* Task to carry out:
The copy must run from the line containing "LINTAS-KHATULISTIWA.COM | Jakarta" through the final line of the records, both included, exactly as written. It should contain no pictures.

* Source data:
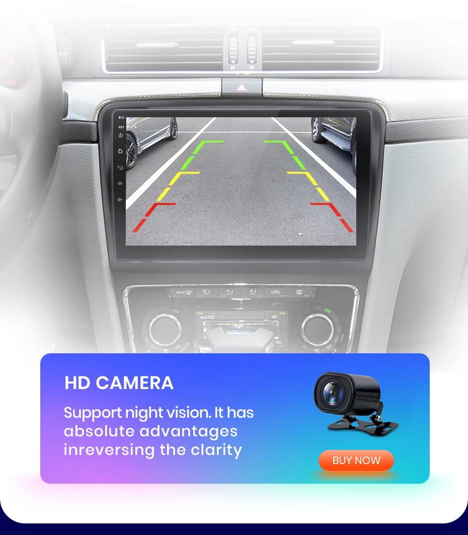 Когда автомобиль переключается на обратную передачу, экран автоматически переключается на задний вид с помощью парковочных линий, помогает вам изменить или припарковать автомобиль.(Задняя камера на изображении ниже является необязательной, и она лучше, чем обычная.)
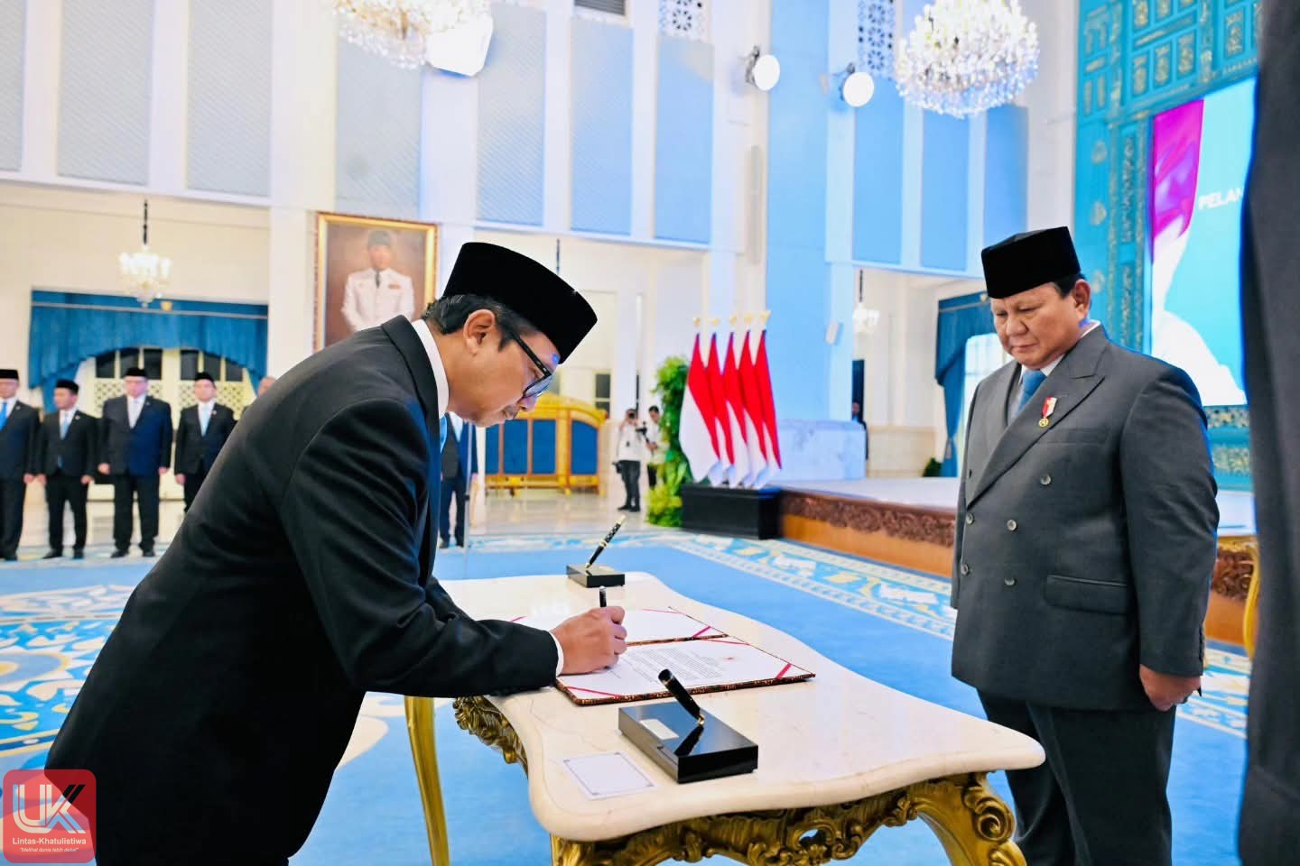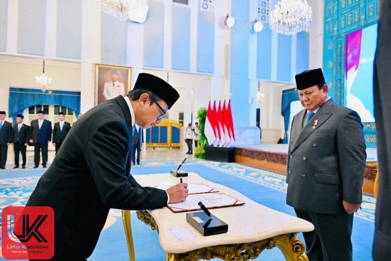 LINTAS-KHATULISTIWA.COM | Jakarta – Presiden Republik Indonesia, Prabowo Subianto, pada Kamis, 5 Februari 2026, menyaksikan secara langsung pengucapan sumpah jabatan Adies Kadir sebagai Hakim Konstitusi di Istana Negara, Jakarta. Acara khidmat ini menandai pengangkatan resmi Adies Kadir untuk menduduki posisi penting dalam lembaga yudikatif negara.
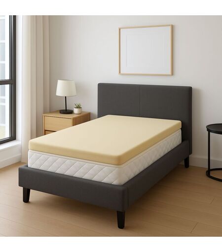 Description du produit * Sur-matelas 100% contact Mousse à Mémoire de Forme d'une densité de 55 Kg/m3 . * Hauteur Totale 5 cm et Garanti 5 ans . La face été matelas est Antidérapante. * Elle est un moyen de purification naturelle et favorise la prolifération cellulaire. * Il est déhoussable et la est Lavable à 30 â¡C . , transformant ainsi le tissu en véhicule de bien-tre. . ...
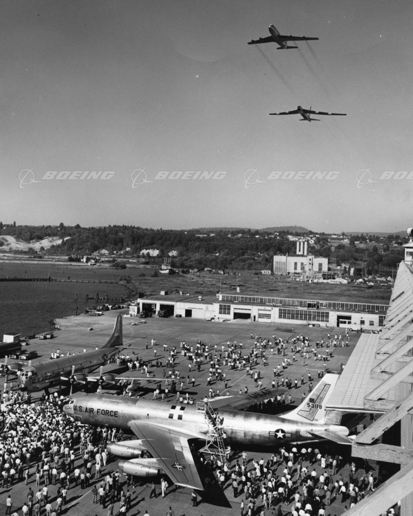 Dash 80 and B-52 Fly Over KC-135 Rollout, with KC-97 in Background
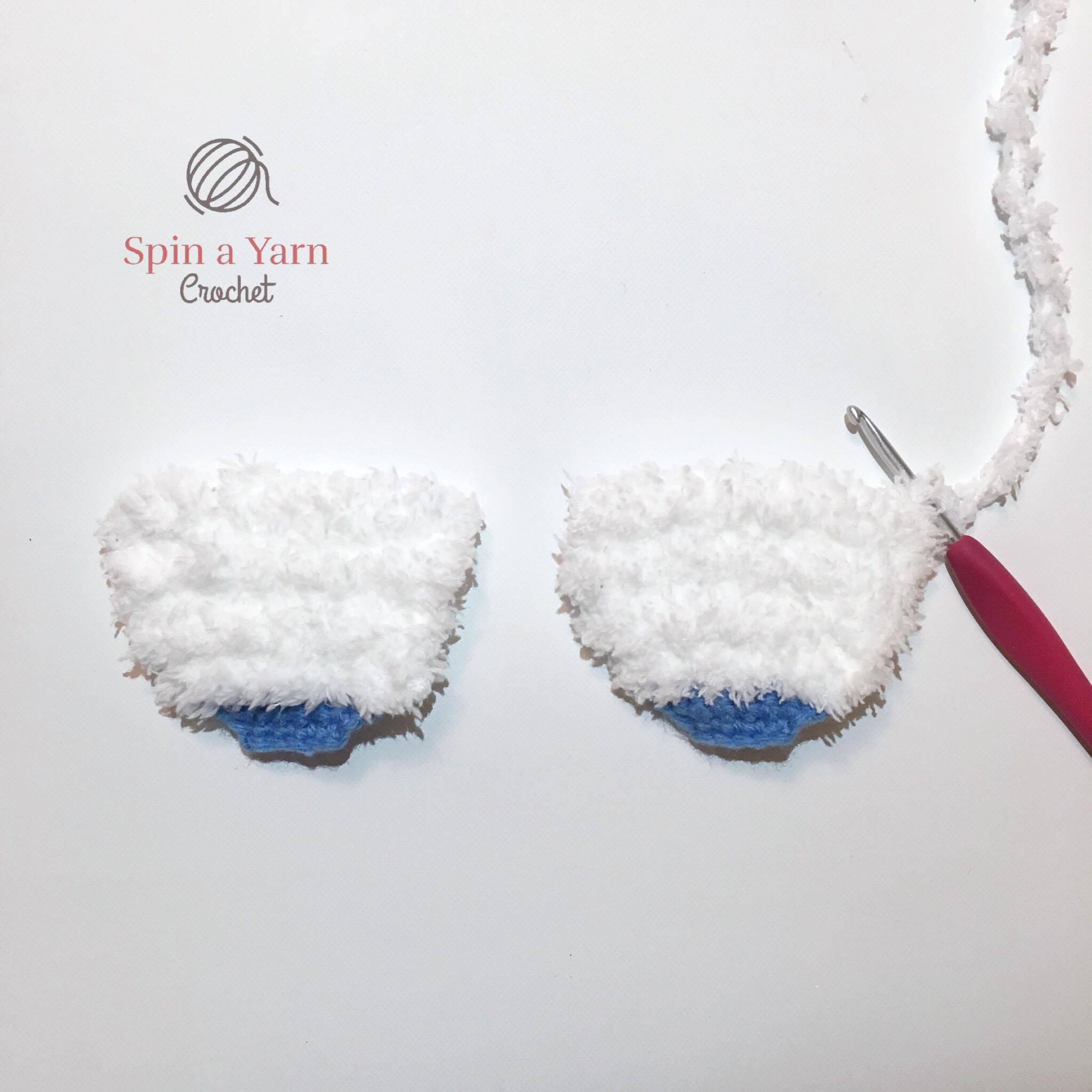 Due to the colour-changes, you will have at least two skeins or balls of yarn attached to your project at once. For example, I opted to use two balls of white, one for each side of the head. I did this by taking one skein of yarn and separating it into two smaller balls. This cuts down significantly on having to carry your yarn.

* Output:
 LINTAS-KHATULISTIWA.COM | Jakarta – Presiden Republik Indonesia, Prabowo Subianto, pada Kamis, 5 Februari 2026, menyaksikan secara langsung pengucapan sumpah jabatan Adies Kadir sebagai Hakim Konstitusi di Istana Negara, Jakarta. Acara khidmat ini menandai pengangkatan resmi Adies Kadir untuk menduduki posisi penting dalam lembaga yudikatif negara.
 Description du produit * Sur-matelas 100% contact Mousse à Mémoire de Forme d'une densité de 55 Kg/m3 . * Hauteur Totale 5 cm et Garanti 5 ans . La face été matelas est Antidérapante. * Elle est un moyen de purification naturelle et favorise la prolifération cellulaire. * Il est déhoussable et la est Lavable à 30 â¡C . , transformant ainsi le tissu en véhicule de bien-tre. . ...
 Dash 80 and B-52 Fly Over KC-135 Rollout, with KC-97 in Background
 Due to the colour-changes, you will have at least two skeins or balls of yarn attached to your project at once. For example, I opted to use two balls of white, one for each side of the head. I did this by taking one skein of yarn and separating it into two smaller balls. This cuts down significantly on having to carry your yarn.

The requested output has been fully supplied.